Red wine was the first polyphenol-rich food reported to have an inverse association with deaths due to ischemic heart disease in industrialized countries. 2,3 French people experience relatively low incidence of coronary heart disease, despite their diets that are relatively rich in saturated fats (French paradox). 3 The high red wine consumption in France has been suggested as a primary factor responsible for this trend. 3 Thus, many studies have focused on the effects that consumption of wine components has on platelet function. Resveratrol and quercetin are well-known, pure polyphenolic compounds contained mainly in grape skins. Resveratrol reportedly inhibits platelet aggregation by inhibiting TXA2 production 4 or generating nitric oxide. 5 Quercetin also reportedly inhibits platelet aggregation by inhibiting protein tyrosine kinase. 6,7 More recently, human studies have shown that polyphenol-rich crude extracts from grape seeds or skins inhibit platelet aggregation that was induced by thrombin-receptor agonist peptide (TRAP) or collagen, 8 –10 and that ingestion of grape seed extract (GSE) inhibits ADP or collagen-induced platelet aggregation in humans. 11,12 However, the mechanism of GSE inhibition of platelet activation has not been fully elucidated to date. In this study, we investigated the effects of GSE from Muscat Bailey A (MBA) or Cabernet Sauvignon (CS) grapes on platelet activation. We discovered that MBA and CS inhibit collagen- and TRAP-induced platelet aggregation by inhibiting protein tyrosine phosphatase (PTP), and we suggest that this may represent a novel mechanism for the inhibitory effects of polyphenols on platelet aggregation. Moreover, we showed that ingestion of MBA and CS inhibits platelet aggregation in mice without prolonged tail bleeding, which implies that GSE supplementation may be beneficial for the prevention of thrombotic diseases such as myocardial and cerebral infarction.
Aim
Although it has been reported that ingestion of GSE inhibits platelet aggregation, its mechanism has not been fully elucidated to date. The aim of this study is to investigate the mechanisms of inhibitory effects of GSE on platelet aggregation.
Materials and Methods
Materials
The TRAP (Ser-Phe-Leu-Leu-Arg-Asn: SFLLRN peptide) was obtained from Bachem Biochemica (Heidelberg, Germany). The PTP inhibitor II (4-methoxyphenacyl Br) was purchased from Calbiochem (Bad Soden, Germany). Mouse anti-phosphotyrosine antibody (4G10), recombinant PTP-1B, and re-combinant Src homology 2 domain-containing phosphatase-1 (SHP-1) were obtained from Millipore (Massachusetts). The Gly-Arg-Gly-Asp-Ser (GRGDS) peptide was purchased from Peptide Institute (Osaka, Japan). Resveratrol, quercetin, and rutin were obtained from Sigma Aldrich (St Louis, Missouri). All other reagents were obtained from sources named previously. 13
Extraction of Grape Seed Components
For extraction of GSE, grape seeds were obtained from grapes grown to commercial maturity in an experimental vineyard of University of Yamanashi.
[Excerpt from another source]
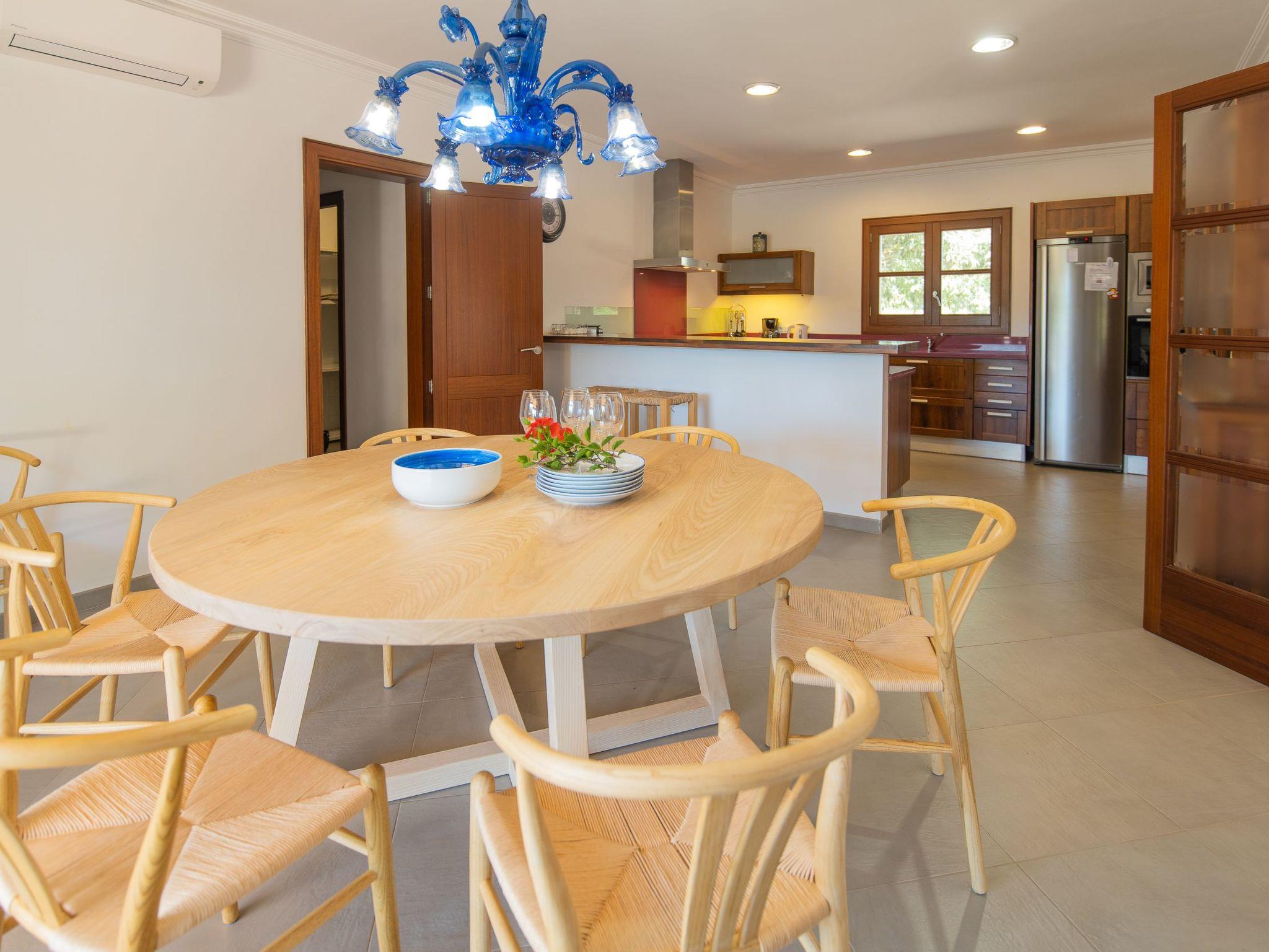 Im Inneren ist das Haus über zwei helle Etagen verteilt. Im Erdgeschoss empfängt Sie eine einladende Eingangshalle, die zu einer voll ausgestatteten Küche, einem geräumigen Wohnzimmer, einem Schlafzimmer mit Doppelbett und einem Badezimmer führt. Im Obergeschoss befinden sich drei Doppelschlafzimmer, eines davon mit eigenem Bad, die alle über eine eigene Terrasse mit herrlichem Blick verfügen. Um einen angenehmen Aufenthalt zu gewährleisten, verfügt das Haus über eine Klimaanlage in der Küche und in den oberen Zimmern, wobei eine warme Brise durch alle Räume weht.
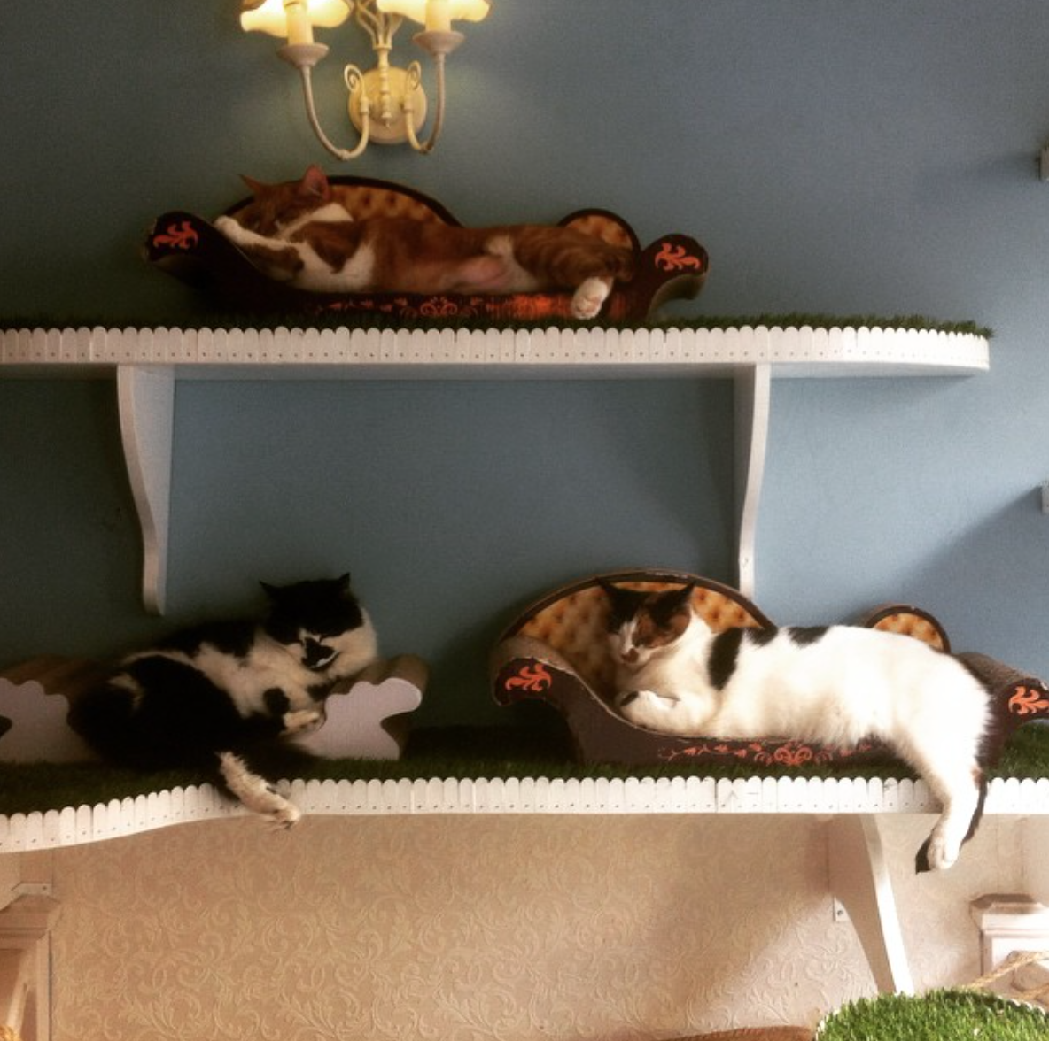 I’m a cat person, so am excited to find out about Lady Dinah’s Cat Cafe in Shoreditch, London’s first-ever cat café! It takes inspiration from the Japanese who are already BIG on this kind of thing – apparently it’s a trend that started out in Osaka 10 years ago. The idea is that you book a 90-minute slot so you can relax, eat and drink in the company of the café’s 12 resident felines.

The cultivar included MBA (Bailey × Muscat Humburg, hybrid) and CS (Vitis vinifera). Seed samples were air dried and ground into fine powder with a grinder (Wonder Blender WB-1; Osaka Chemical Co, Osaka, Japan). The powder (300 g) was deoiled with hexane and then extracted 3 times with 50% aqueous ethanol (1000 mL). The extract was partitioned 3 times with an equal volume of ethyl acetate. The ethyl acetate layer was collected, evaporated under vacuum, and then lyophilized. The resulting lyophilizate was weighed and then used as GSE. The recovery of ethyl acetate extracts from MBA and CS seeds was 0.8% and 2.0%, respectively.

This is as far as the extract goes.